|Title||CO2 distribution in groundwater and the impact of groundwater extraction on the global C cycle|
|Publication Type||Journal Article|
|Year of Publication||2009|
|Keywords||Carbon dioxide, CO2, Global carbon cycle, groundwater, Groundwater extraction|
Growing population and wealth, agricultural expansion, changing land use, and mechanized irrigation increase the demand on water resources. Groundwater accounts for about 20% of global water use, with agriculture the largest consumer.
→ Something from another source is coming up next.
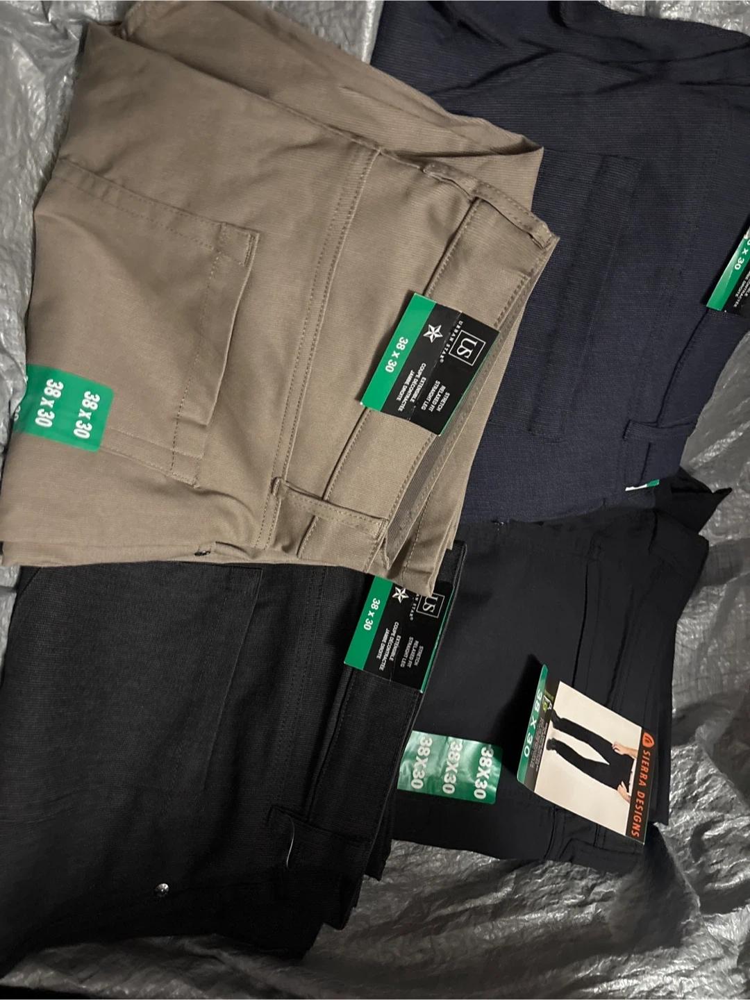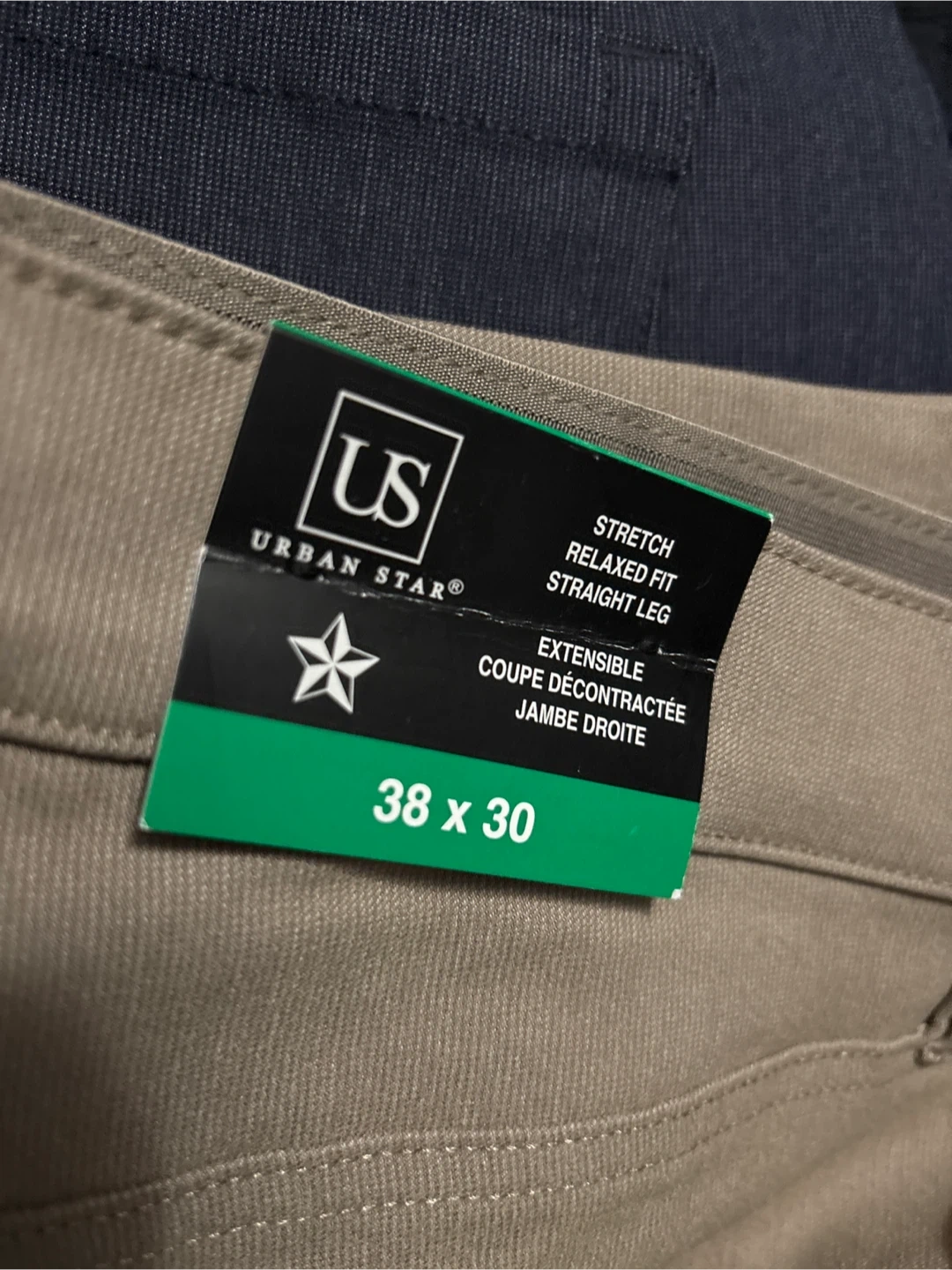 78$10 each I have a selection of pants available in size 38x30. There are Sierra Designs pants made from recycled plastic bottles, and Urban Star stretch relaxed fit straight leg pants. All are new with tags!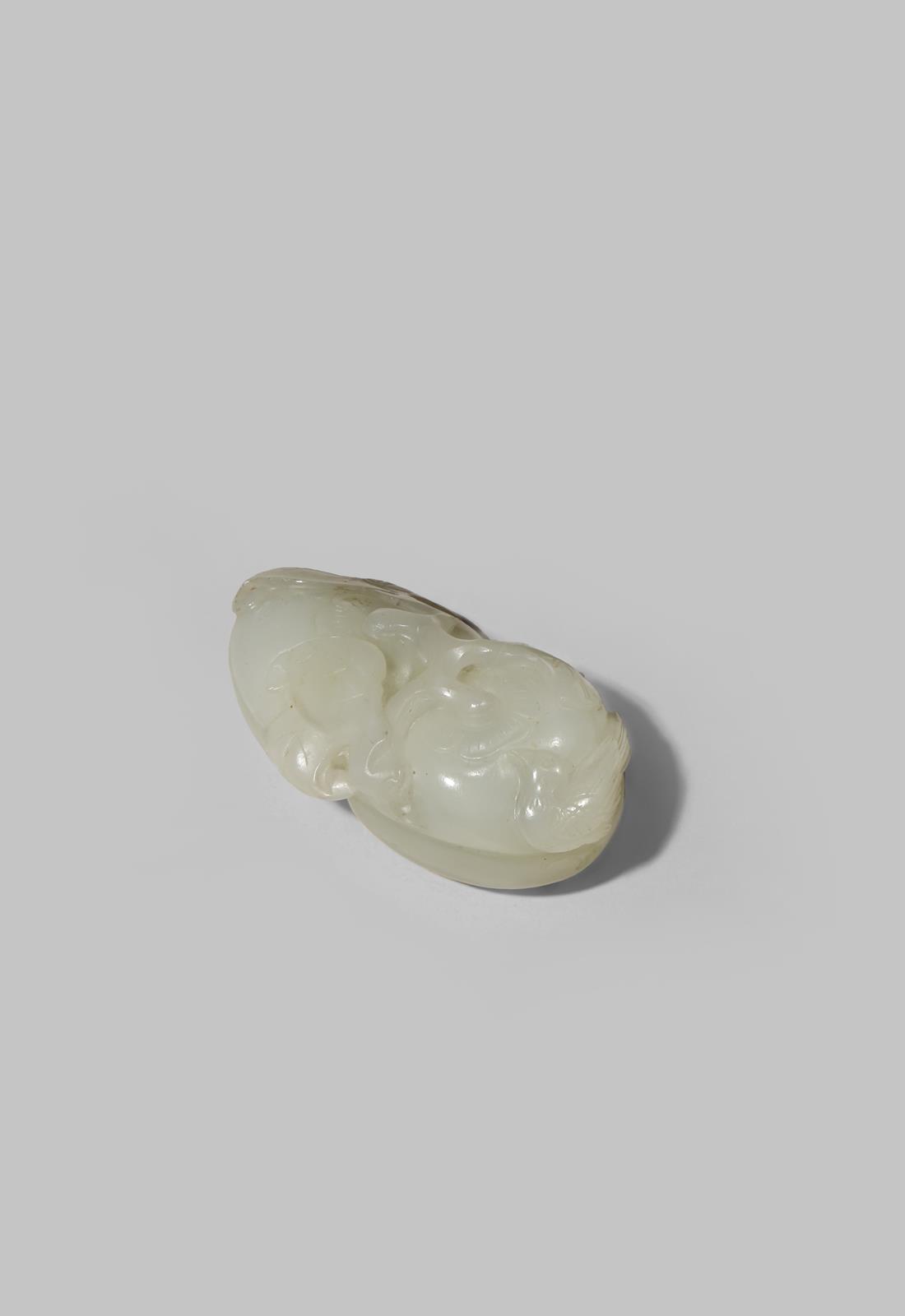 A CHINESE WHITE JADE CARVING OF TWO SHARON FRUIT QING DYNASTY The two fruit issuing from one...

Groundwater CO2 partial pressures are typically ∼ 10–100 times higher than atmospheric, so CO2 degassing is an unavoidable consequence of groundwater extraction. For regional studies, very good estimates of groundwater CO2 in clastic aquifers can be calculated for temperate-climate regions from: log10(pCO2)=log10(HCO−3)−pH+7.749 where the constant is the sum of the negative logarithm (base 10) of the Henry's Law constant for CO2 and first association constant for H2CO3 at 13 °C, and titration alkalinity can be substituted for activity of HCO3−. Groundwater CO2 is not uniformly distributed in groundwater, being most variable near the water table, lowest at intermediate depth, and highest in deep aquifers where non-potable water is typical. Geochemical speciation modeling is required to assess CO2 released when groundwater equilibrates with the atmosphere. A suite of potable water types were modeled for this purpose, with the result that current groundwater production is estimated to release ∼ 0.01 to 0.03 Pg C year− 1, similar to CO2 from volcanic emissions and ∼ 200 times less than other human-sourced CO2 emissions. Determination of dissolved CO2 depends on accuracy of pH measurements: CO2 released due to groundwater use may be underestimated if reported pH measurements do not represent in situ pH.